All “foreign” proteins, nucleic acids, many polysaccharides and complex lipids have antigenic properties. Antigens can also be bacterial toxins and whole cells of microorganisms, or more precisely the macromolecules that make up them. In addition, low molecular weight compounds, such as steroids and some drugs, can also exhibit antigenic activity, provided they are previously bound to a carrier protein, for example, blood plasma albumin. (This is the basis for the detection of some doping drugs by the immunochemical method during doping control).
The antigen that enters the bloodstream is recognized by special leukocytes - T-lymphocytes, which then stimulate the transformation of another type of leukocyte - B-lymphocytes into plasma cells, which then synthesize special proteins - antibodies

or
immunoglobulins
. The larger the antigen molecule, the more different antibodies are formed in response to its entry into the body. Each antibody has two binding sites for interaction with a strictly defined antigen. Thus, each antigen causes the synthesis of strictly specific antibodies.

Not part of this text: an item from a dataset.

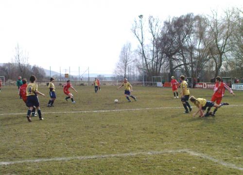 Beide Mannschaften begannen aus einer sicheren Defensive heraus zu spielen. In der 8. Minute nutzte Hülss den ersten Abwehrfehler in der Steinacher Verteidigung und schob aus 16m zum 1:0 ein. Munter ging es weiter, und die Gäste glichen 6 Minuten später durch einen straff geschossen Freistoß von Haubenreißer aus. Danach spielte sich alles zwischen den Strafräumen ab, und es ergaben sich keine Möglichkeiten für beide Mannschaften. Erst in der 35. Minute hätte Bauer die Gastgeber in Führung bringen können, doch nach präziser Flanke von Hülss köpfte er freistehend knapp am Tor vorbei. Kurz vor dem Pausenpfiff hatten die Steinacher Pech, als ein Fernschuss nur an die Latte knallte.
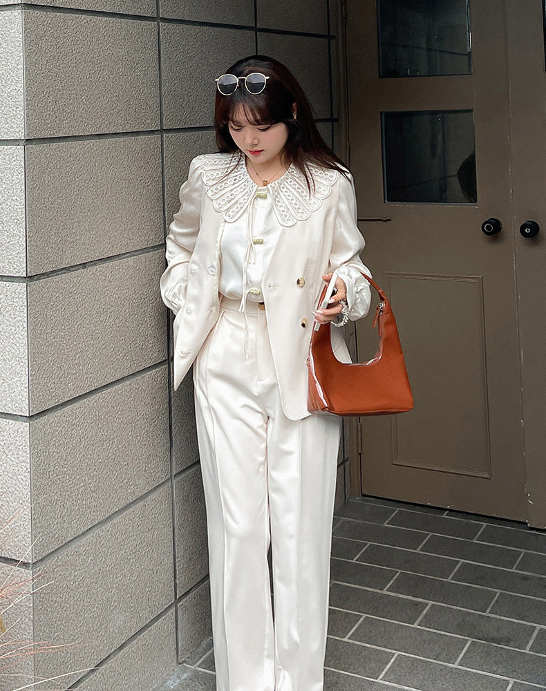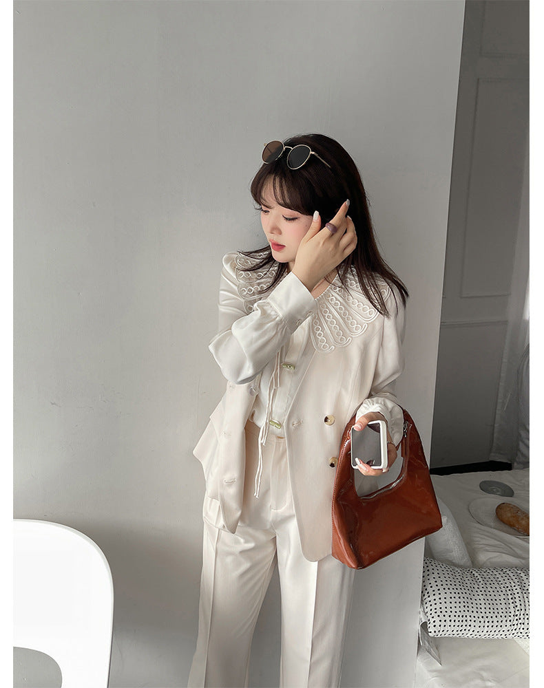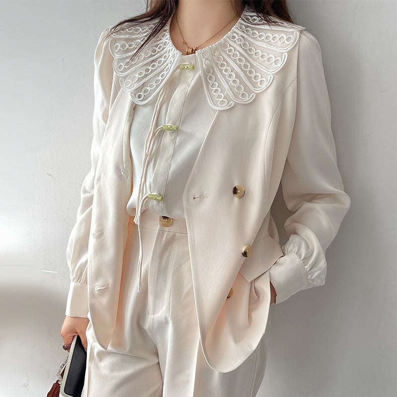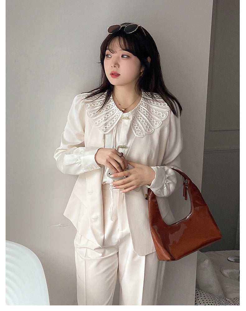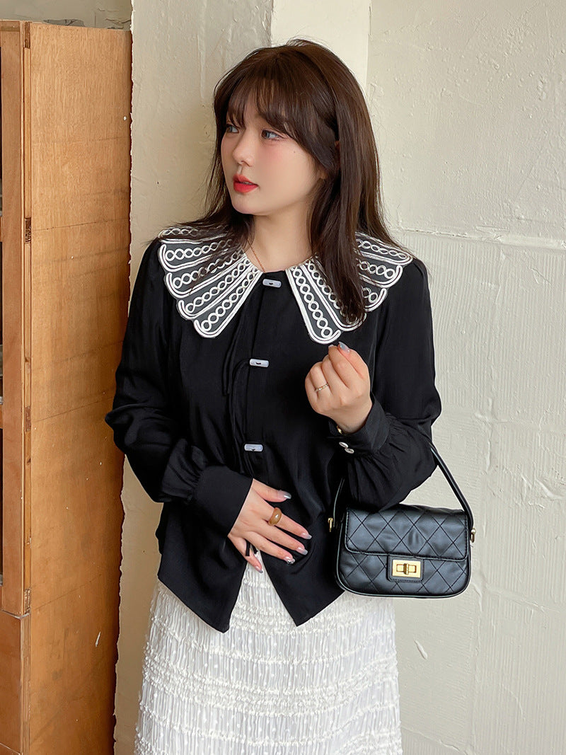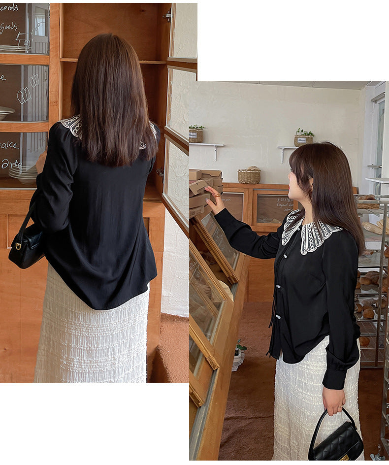 印象的なレースの装飾が施された、上品で華やかなデザインのブラウスです。ラウンドネックで着心地も抜群。華やかさと女性らしさを引き立てます。シンプルながらもエレガントで、着用するだけで気分が高まること間違いなし。一枚で着用はもちろん、レースカラーを利用して、インナーとして着用することでオシャレ上級者になり、周りの注目を集めること間違いなしのブラウスです!

The resulting antibodies enter the blood plasma and bind there to the antigen molecule. The interaction of antibodies with antigen is carried out through the formation of non-covalent bonds between them. This interaction is analogous to the formation of an enzyme-substrate complex during enzymatic catalysis, with the binding site of the antibody corresponding to the active site of the enzyme. Since most antigens are high-molecular compounds, many antibodies simultaneously attach to the antigen.

antigen-antibody complex

further undergoes
phagocytosis
.
If the antigen is a foreign cell, then the antigen-antibody complex is exposed to enzymes in the blood plasma under the general name of the complement system .
This complex enzymatic system ultimately causes lysis of the foreign cell, i.e.
its destruction. The resulting lysis products are then also subject to phagocytosis
.

Since antibodies are formed in excess quantities in response to the arrival of antigen, a significant part of them remains for a long time in the blood plasma, in the g-globulin fraction. A healthy person’s blood contains a huge amount of different antibodies formed as a result of contact with many foreign substances and microorganisms. The presence of ready-made antibodies in the blood allows the body to quickly neutralize antigens newly entering the blood. Preventive vaccinations are based on this phenomenon.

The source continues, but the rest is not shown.